• TASK INSTRUCTIONS:
Please repeat each line from the one holding "This 2021 Airstream" through the final line of the data, exactly as it stands, with no pictures.
■ ■ ■ ■ ■ ■ ■
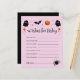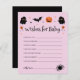 Erhöhen Sie Ihr Halloween Baby Duschspiel mit unserem "Wishs for Baby" Witchy Thema! Dieses Spiel ist perfekt für eine Halloween-Babydusche geeignet und passt nahtlos in jedes Halloween-Thema. Entdecken Sie charmante Halloween-Themen mit Babydusche, die besonders für die Gäste interessant sind, die sich nach dem Thema "Babydusche" von Halloween sehnen. Genießen Sie eine einzigartige Drehung mit einem rosa Halloween-Babyduschthema. Entdecken Sie die Ideen von Halloween Babydusche, die Lust und Süße verbinden. Brauchen Sie Halloween Baby Dusche Ideen? Probieren Sie diese niedlichen Halloween-Babydusche! Erwägen Sie, etwas mit Halloween-Babydusche zu kombinieren, um Magie zu schaffen. Unser Spiel ist auch Krawatte in ein Baby Brauen Ideen Baby Dusche und Baby Brauen Dusche Ideen. Feiern Sie Ihr Baby mit Freude und Kreativität beim Brauen von Duschideen. Diese kleinen Ideen für eine Babydusche werden alle Ihre Gäste verzaubern.
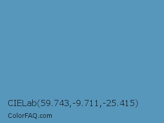 CIELab 59.743,-9.711,-25.415 Color is a normal blue color and the nearest color is Hippie Blue #589aaf. Hex code #5897bc and RGB value is rgb(88,151,188). In RGB color space, this color is composed of 35% red, 59% green, 74% blue, In CMYK color space, this color is composed of 53% cyan, 20% magenta, 0% yellow , 26% black , In HSL color space, this color has a hue angle of 202° , 43% saturation and 54% lightness.
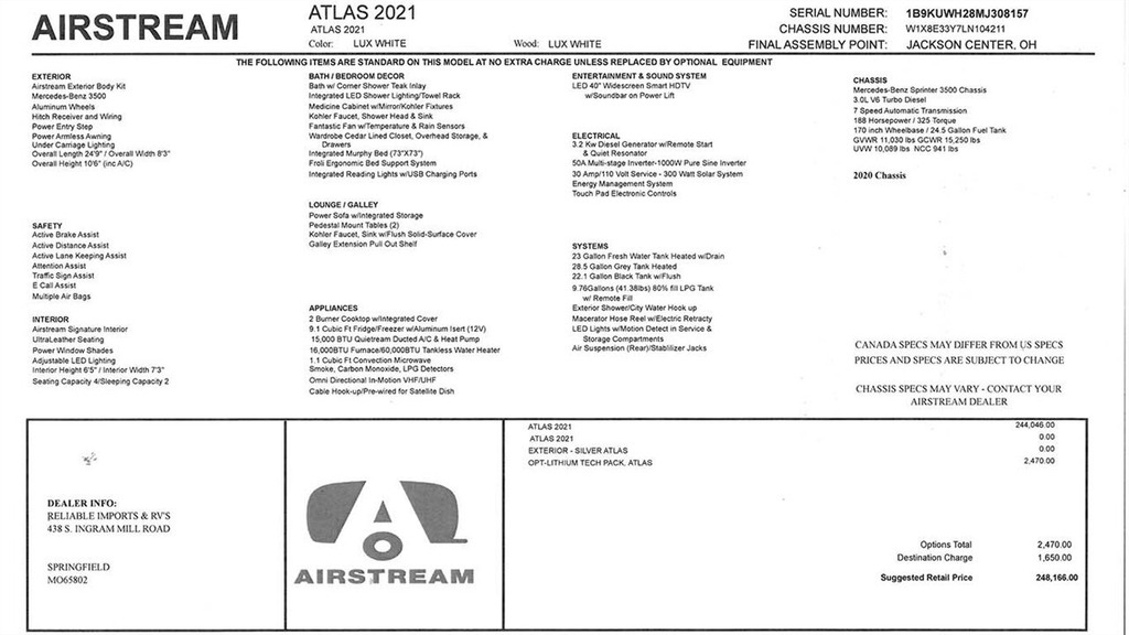This 2021 Airstream Atlas Murphy Suite Class B Motorhome is 24.75
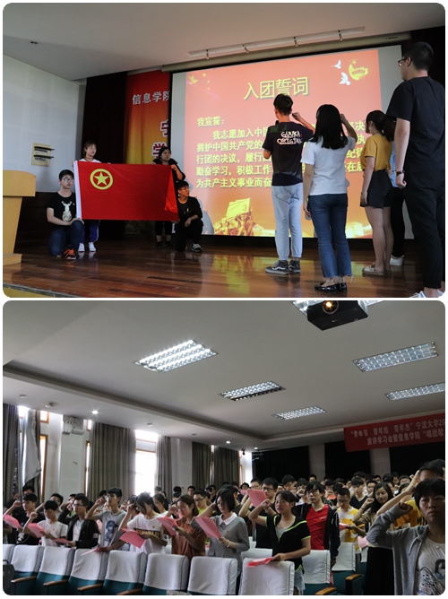 活动在响亮的团歌合唱声中进入高潮,奏唱团歌后,在主持人的带领下,团员们进行入团宣誓环节,重温入团仪式,并由学院老师为团员代表佩戴团徽。接着,马克思主义学院理论宣讲团郝嘉瑜进行了激情的宣讲,鼓励信息学院团员青年要以有理想、有本领、有担当的奋斗姿态去迎接新时代、开创新时代,创造幸福。
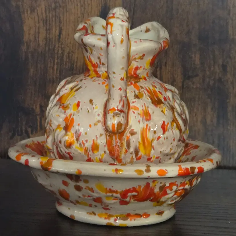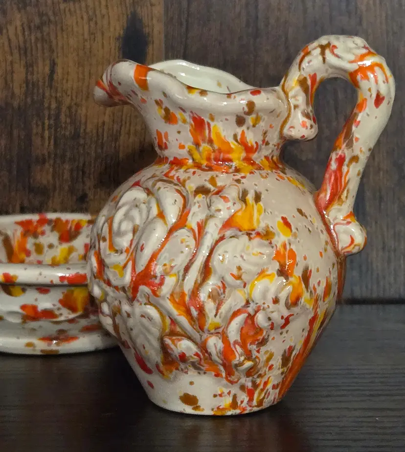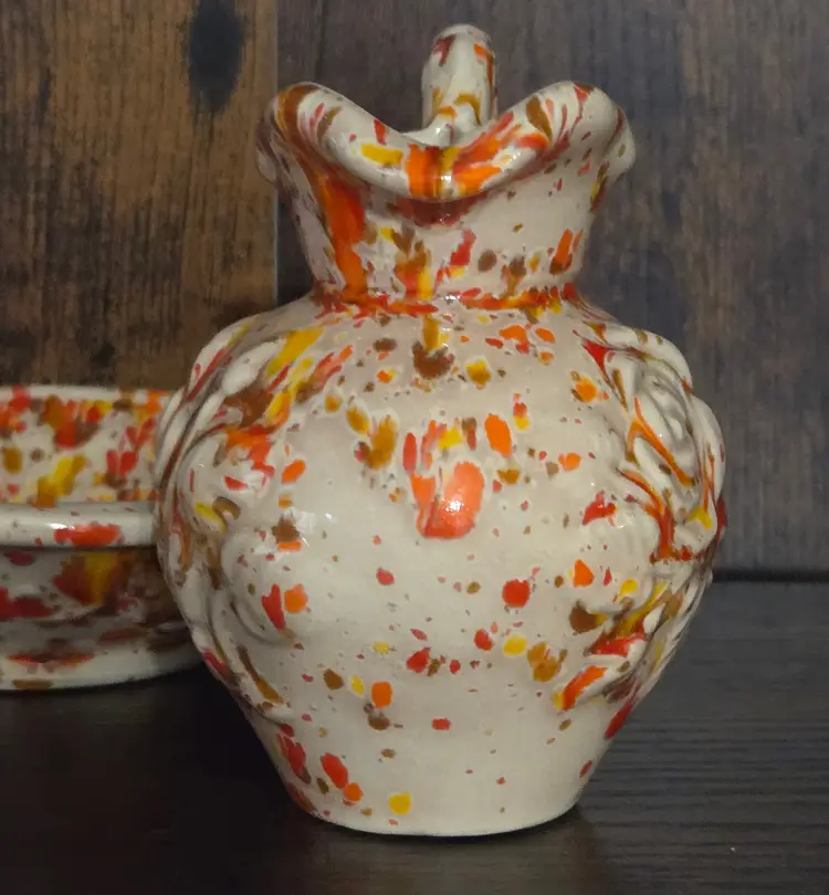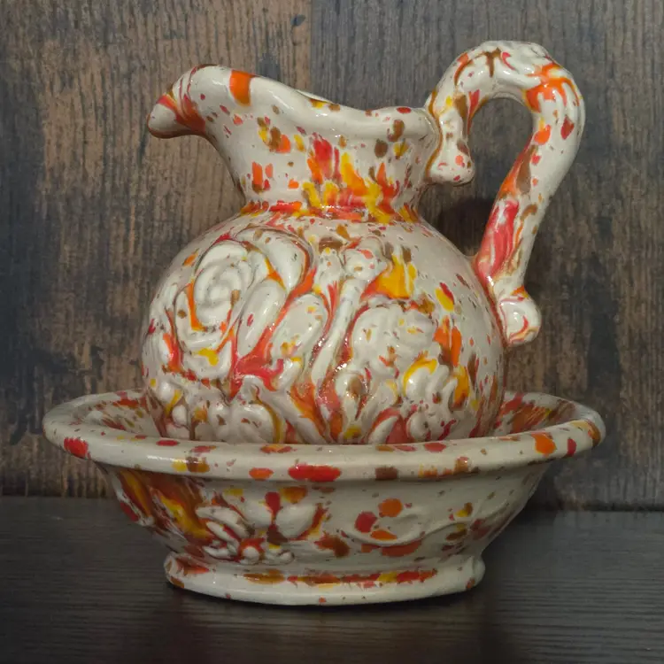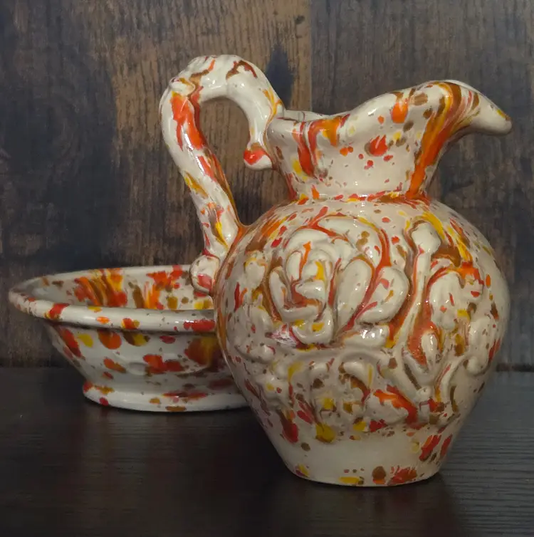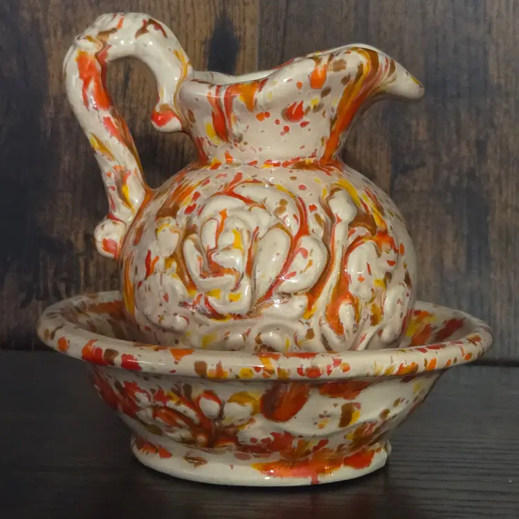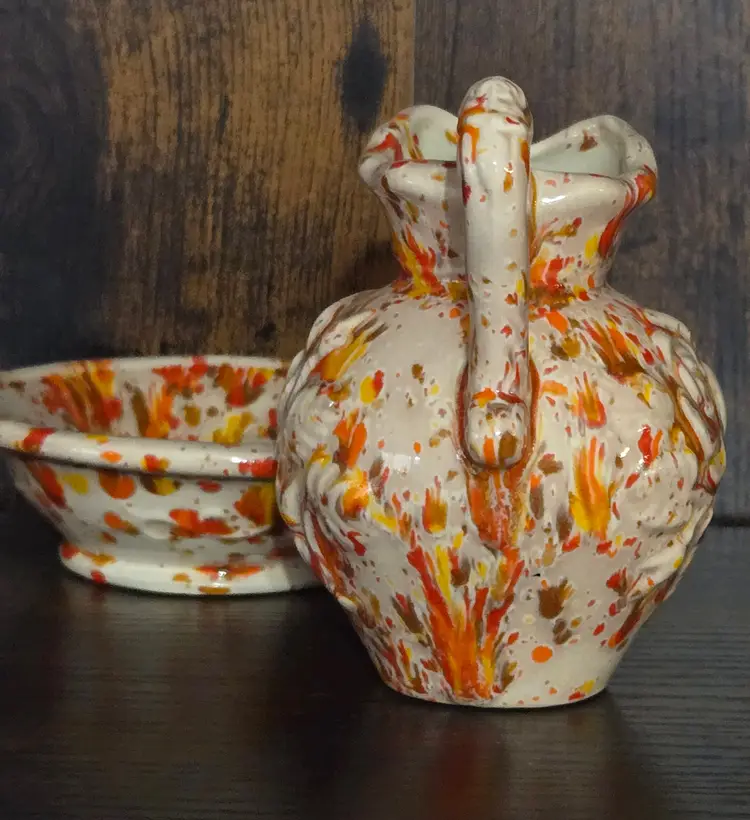 Lovely Splatterware Ewer Pitcher with a matching bowl. Both Ewer and Bowl have a raised rose design. Bright colors of Red, Orange, Yellow and Brown. Pitcher stands 4.5" tall. Bowl stands 1.5" tall and is 4.5" in diamater. In total Ewer in Bowl stand 5" tall. This piece is in excellent condition. There is a marking of HE on the bottom of the pitcher
■ ■ ■ ■ ■ ■ ■
• ANSWER TO THE EXERCISE:
This 2021 Airstream Atlas Murphy Suite Class B Motorhome is 24.75
 活动在响亮的团歌合唱声中进入高潮,奏唱团歌后,在主持人的带领下,团员们进行入团宣誓环节,重温入团仪式,并由学院老师为团员代表佩戴团徽。接着,马克思主义学院理论宣讲团郝嘉瑜进行了激情的宣讲,鼓励信息学院团员青年要以有理想、有本领、有担当的奋斗姿态去迎接新时代、开创新时代,创造幸福。
 Lovely Splatterware Ewer Pitcher with a matching bowl. Both Ewer and Bowl have a raised rose design. Bright colors of Red, Orange, Yellow and Brown. Pitcher stands 4.5" tall. Bowl stands 1.5" tall and is 4.5" in diamater. In total Ewer in Bowl stand 5" tall. This piece is in excellent condition. There is a marking of HE on the bottom of the pitcher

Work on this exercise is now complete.